Stored items from a collection
═══

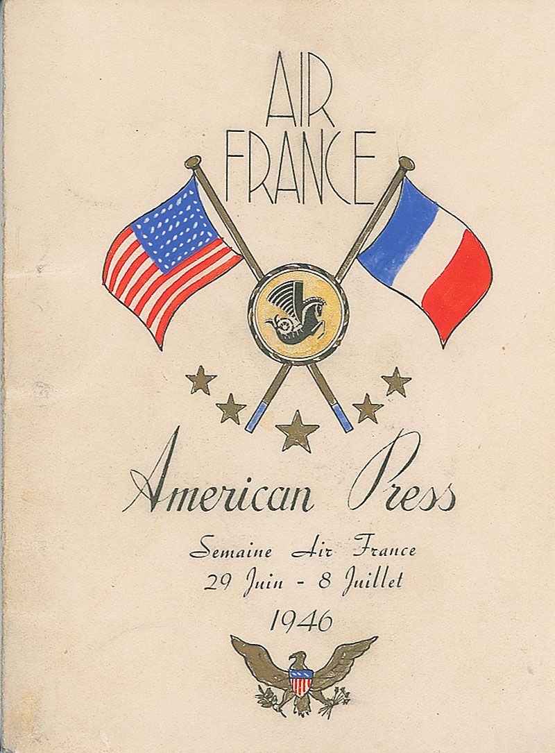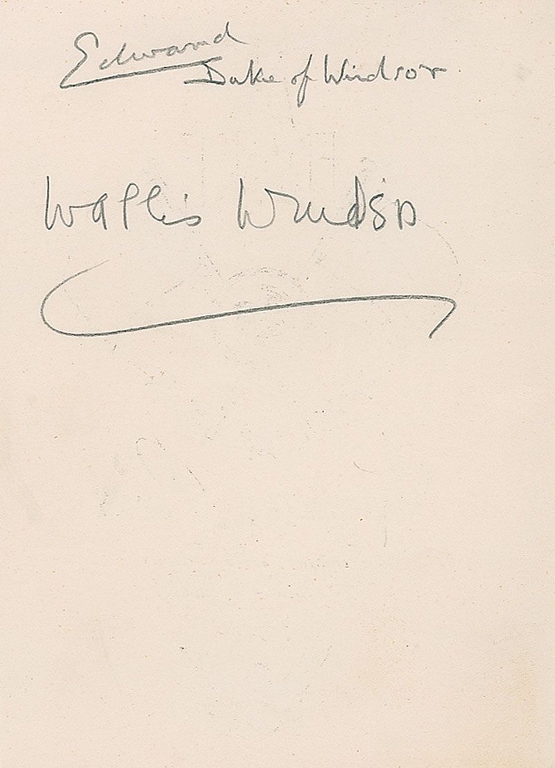 Program of the “Air France Week,” held from June 29 to July 8, 1946, 4 x 5.75, containing their itinerary for the week, signed on the inside front cover in pencil, “Edward, Duke of Windsor,” and “Wallis Windsor.” Scattered creasing and handling wear, as well as some light soiling to covers, and a couple pencil notations to back cover, otherwise fine condition.
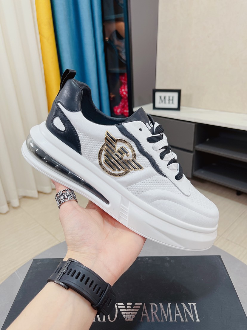 J0 Armani阿玛尼😘😘世界⌚️著名奢侈品牌,高端系列休闲男鞋,以经典的设计成为永不落幕的时尚宠儿,经典的休闲造型。采用进口牛皮拼接➕品牌发泡气垫大底,耐磨,轻便😍
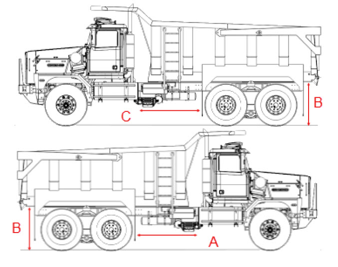 1. “A” – The distance between the front of the box and the rear wheels (Passenger side).
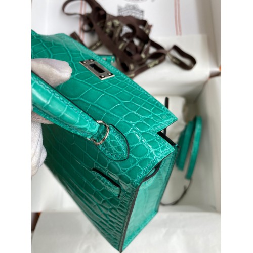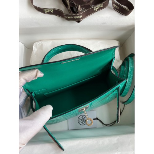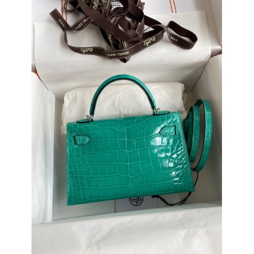 Hermes Kelly Mini II Sellier Handmade Bag In Malachite Shiny Alligator Leather
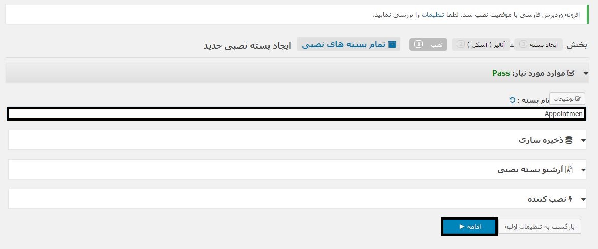 قدم سوم : بعد از کلیک بر روی ایجاد بسته نصبی یک صفحه مانند صفحه زیر نمایش داده می شود که باید نام بسته نصبی را بنویسید. بعد از نوشتن نام بسته نصبی بر روی ادامه کلیک کنید. برای یادگیری بیشتر به تصویر زیر نگاهی کنید :
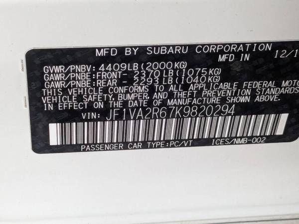 * Leather Seats * Sti Short Throw Shifter (Sti) * Auto-Dimming Mirror W/Compass & Homelink * All-Weather Floor Liners * Rear Bumper Applique * Cargo Tray * Rear Spoiler * Black/Carbon Black; Alcantara Ultrasuede Upholstery * Crystal White Pearl * Standard ModelThis vehicle includes a Money-Back Guarantee* and passed our precise inspection process. Best of all the price you see is the price you pay. No haggling. No back and forth. No pressure. And this price is so good it is guaranteed. *Money-Back Guarantee is valid for 5 days or 250 miles, whichever comes first. Subject to certain terms and conditions. See store for details. Some restrictions apply.

═══

§ **Problem details**
When you output the entries, keep each line exactly as it is and leave out any pictures.

§ **Response area**
 Program of the “Air France Week,” held from June 29 to July 8, 1946, 4 x 5.75, containing their itinerary for the week, signed on the inside front cover in pencil, “Edward, Duke of Windsor,” and “Wallis Windsor.” Scattered creasing and handling wear, as well as some light soiling to covers, and a couple pencil notations to back cover, otherwise fine condition.
 J0 Armani阿玛尼😘😘世界⌚️著名奢侈品牌,高端系列休闲男鞋,以经典的设计成为永不落幕的时尚宠儿,经典的休闲造型。采用进口牛皮拼接➕品牌发泡气垫大底,耐磨,轻便😍
 1. “A” – The distance between the front of the box and the rear wheels (Passenger side).
 Hermes Kelly Mini II Sellier Handmade Bag In Malachite Shiny Alligator Leather
 قدم سوم : بعد از کلیک بر روی ایجاد بسته نصبی یک صفحه مانند صفحه زیر نمایش داده می شود که باید نام بسته نصبی را بنویسید. بعد از نوشتن نام بسته نصبی بر روی ادامه کلیک کنید. برای یادگیری بیشتر به تصویر زیر نگاهی کنید :
 * Leather Seats * Sti Short Throw Shifter (Sti) * Auto-Dimming Mirror W/Compass & Homelink * All-Weather Floor Liners * Rear Bumper Applique * Cargo Tray * Rear Spoiler * Black/Carbon Black; Alcantara Ultrasuede Upholstery * Crystal White Pearl * Standard ModelThis vehicle includes a Money-Back Guarantee* and passed our precise inspection process. Best of all the price you see is the price you pay. No haggling. No back and forth. No pressure. And this price is so good it is guaranteed. *Money-Back Guarantee is valid for 5 days or 250 miles, whichever comes first. Subject to certain terms and conditions. See store for details. Some restrictions apply.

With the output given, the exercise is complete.